▶ **MATERIAL PROVIDED**:
>>>

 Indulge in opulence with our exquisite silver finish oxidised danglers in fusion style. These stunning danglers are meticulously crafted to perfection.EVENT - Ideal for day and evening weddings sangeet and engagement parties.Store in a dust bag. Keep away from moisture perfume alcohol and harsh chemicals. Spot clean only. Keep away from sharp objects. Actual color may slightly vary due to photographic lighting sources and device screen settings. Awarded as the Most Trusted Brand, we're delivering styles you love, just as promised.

<<<
>>>

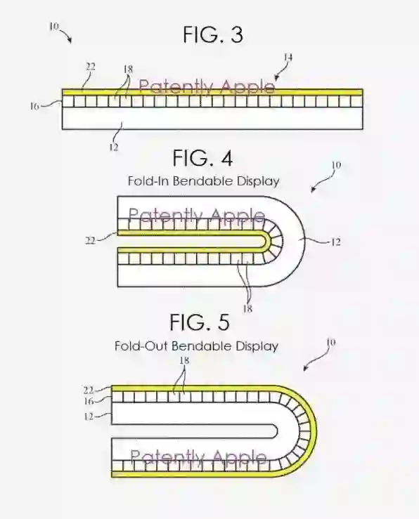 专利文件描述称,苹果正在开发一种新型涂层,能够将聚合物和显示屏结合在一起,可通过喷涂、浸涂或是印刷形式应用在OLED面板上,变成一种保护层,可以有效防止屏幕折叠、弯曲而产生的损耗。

<<<
>>>

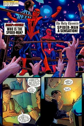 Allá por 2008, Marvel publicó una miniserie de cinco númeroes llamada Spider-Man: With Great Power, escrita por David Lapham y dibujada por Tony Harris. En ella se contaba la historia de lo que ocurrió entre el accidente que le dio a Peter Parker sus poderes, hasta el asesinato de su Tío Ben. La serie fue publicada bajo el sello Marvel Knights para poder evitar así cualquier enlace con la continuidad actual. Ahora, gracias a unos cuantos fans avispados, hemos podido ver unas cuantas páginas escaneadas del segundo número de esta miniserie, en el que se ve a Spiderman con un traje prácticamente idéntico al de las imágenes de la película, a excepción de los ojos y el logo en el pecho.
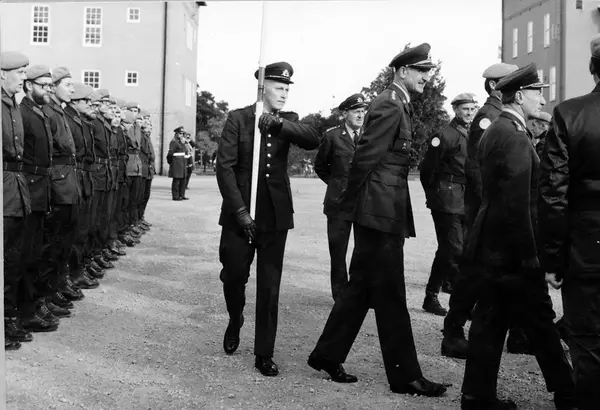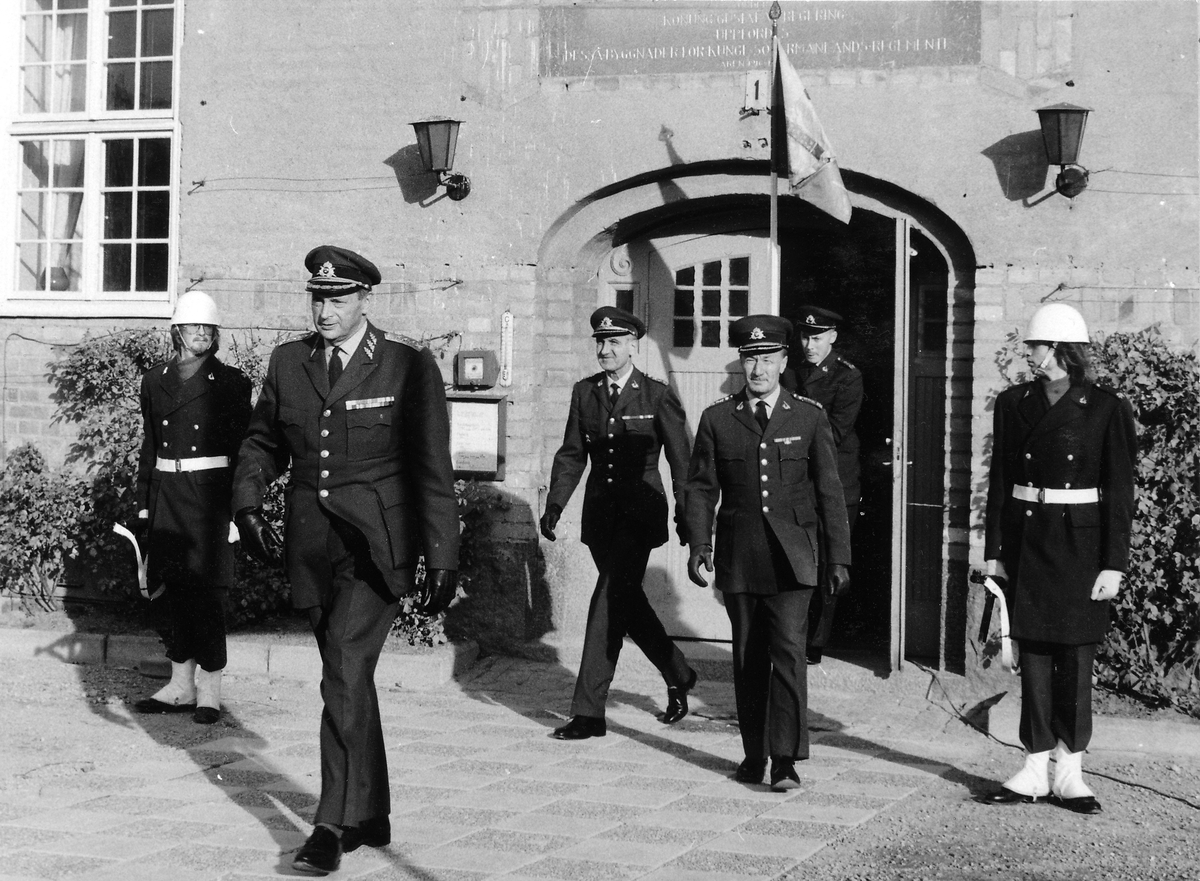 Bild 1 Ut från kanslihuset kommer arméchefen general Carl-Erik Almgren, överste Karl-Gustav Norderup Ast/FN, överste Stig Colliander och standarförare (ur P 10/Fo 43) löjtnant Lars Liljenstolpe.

<<<

▶ **TASK DETAILS**:
Would you please reproduce the entries above, starting at the line with "Allá por 2008, Marvel" and stopping after the line with "Bild 1 Ut från"? Omit any pictures.

▶ **WRITTEN RESPONSE**:
 Allá por 2008, Marvel publicó una miniserie de cinco númeroes llamada Spider-Man: With Great Power, escrita por David Lapham y dibujada por Tony Harris. En ella se contaba la historia de lo que ocurrió entre el accidente que le dio a Peter Parker sus poderes, hasta el asesinato de su Tío Ben. La serie fue publicada bajo el sello Marvel Knights para poder evitar así cualquier enlace con la continuidad actual. Ahora, gracias a unos cuantos fans avispados, hemos podido ver unas cuantas páginas escaneadas del segundo número de esta miniserie, en el que se ve a Spiderman con un traje prácticamente idéntico al de las imágenes de la película, a excepción de los ojos y el logo en el pecho.
 Bild 1 Ut från kanslihuset kommer arméchefen general Carl-Erik Almgren, överste Karl-Gustav Norderup Ast/FN, överste Stig Colliander och standarförare (ur P 10/Fo 43) löjtnant Lars Liljenstolpe.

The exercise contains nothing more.